Some lessons in international politics

by Dr. Pakiasothy Saravanamuttu

The international dimension of the ethnic conflict and peace
process is perhaps the one most opined on and yet, least
understood in terms of the incentives, strictures and punishments
the international community or any members thereof can visit
upon the two main protagonists.

It is worth reflecting on this for a moment, especially since the role
of the international community was also an issue in the general
election and following it, positions taken in the election campaign
have mellowed, even fundamentally changed. The visit of the
Foreign Minister to Delhi followed by President Rajapakse’s state
visit, has brought this issue to the fore as well.

Central to the role of the international community is the role of
India. The southern nationalists who saw India in the past as the
godfather of Tamil militancy and who mouthed the argument that
India, by taking on this role revealed its vested interest in slowing
the take off of the post 1978 Sri Lankan economy until it took off
and overtook us, now look to India as the ultimate protector of Sri
Lankan sovereignty and territorial unity.

India is the bulwark against the Western led international
community – it should replace Norway, be a Co-Chair and take on
any number of roles which are now being filled by imperialists of
yore. That India does not want to take on any greater and higher
profile role in the conflict transformation process at least for the
moment, is a cause for disappointment, incomprehension and

Political ideology

There is a certain schizophrenia here, a love and hate, damned if
you do /damned if you don’t attitude towards India. And the
Indians know this, post IPKF at least. The very political actors
calling for their greater involvement were those calling for their
withdrawal and more in the late ’80s and early ’90s. The political
ideology of the most vociferous of them was founded on the
realpolitik assumption of Indian imperialism.

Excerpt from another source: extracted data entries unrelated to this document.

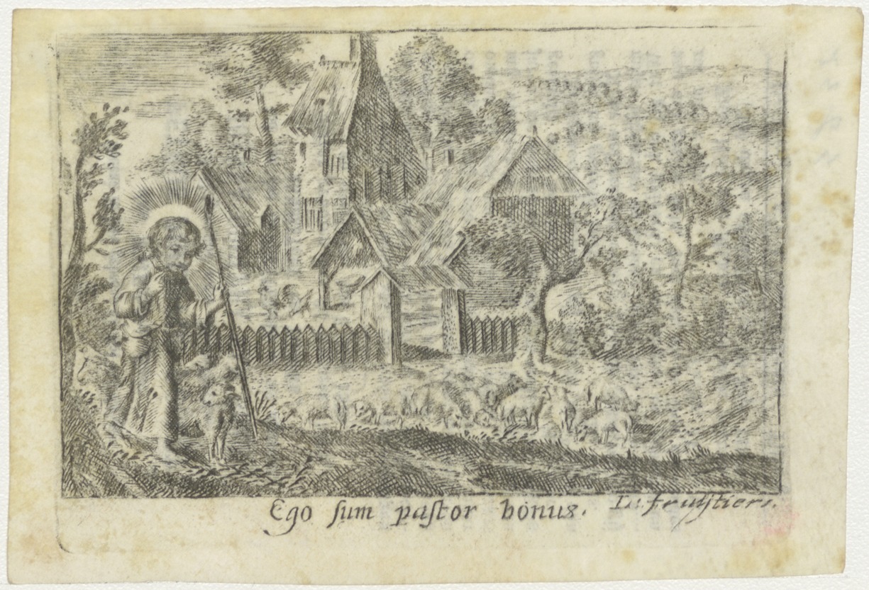 Christuskind als schapenhoeder, kz. Bid voor ziel Pe...
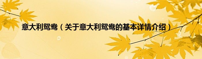 本文关于意大利鸳鸯的基本详情介绍就讲解完毕,希望对大家有所帮助。
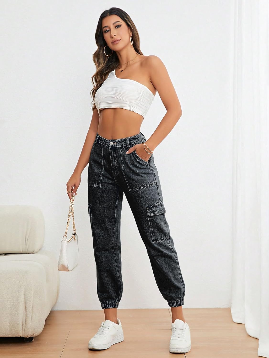 Generic Name : Women’s Fashion Solid Color Jeans Style Cargo Pants Jeans

The two trips to Delhi must have introduced the new dispensation
in Colombo to certain geopolitical and strategic realities, most
importantly it must have revealed to the new Foreign Minister and
President, India’s self perception of itself as a putative great
power, playing not just a national and regional role, but
international one as well.

They may have gleaned that in order to do the latter, the ability to
demonstrate regional clout and credibility is crucial. And they must
also have realised that putative great powers know that in order to
become a great power and to be seen as such, one has to
demonstrate economic clout and capability.

Self styled patriots

Despite the noise, the sound and fury of the self styled patriots in
the election campaign, a number of factors are now clear and

• The Indians have always been in the "loop" regarding the
Norwegian facilitated peace process and have had the
opportunity to convey their concerns, even misgivings with regard
to the manner and modalities of that facilitation directly to the

• India will support a peace settlement that maintains the unity of
Sri Lanka. This means maximum devolution amounting to
meaningful federalism in contrast to President Rajapakse’s
current mantra of maximum devolution within an unitary state. It
does not mean confederation. Delhi may not be so particular
about labels, focusing more on the substantive powers. In our
case, given the 13th Amendment judgement for one, a rose may
not smell as sweet by any other name.

• More high profile Indian involvement can be expected at the
point at which core political issues and constitutional structures
are being considered. There has never been any doubt in any of
the actors’ minds on this score.

• India is not interested in a defence agreement which will tie it to
pre ordained commitments in the context of Sri Lanka’s ethnic
conflict. At the same time, it will not allow a rout of the Sri Lankan
armed forces with far reaching strategic consequences for the
political architecture of South Asia.

• As the communiqué following the presidential visit indicates, the
emphasis is on the economic – a high profile political role carries
with it high risks and could seriously detract from the steadily
increasing Indian stake in the Sri Lankan economy. Hence there is
no advantage or indeed pressing need to become a Co – Chair.
The Co –Chairs will not be doing anything New Delhi is opposed
to, anyway.

Power status

• Sri Lanka could be a test case of the Indian ability to
demonstrate great power status in political and economic terms.
Were the local nationalists in the south to get over excited by this,
competition between India and China in Sri Lanka could be
advocated by them as the most feasible foreign policy strategy
that avoids excessive dependence on India and a diminution of Sri
Lanka’s sovereignty. So far the West and the Norwegians are
being branded the threats to sovereignty and there has been no
comment on the Indian stake in the Sri Lankan economy or of the
implications for sovereignty of the Rajapakse - Thondaman
meeting in India House presided over by High Commissioner Rao.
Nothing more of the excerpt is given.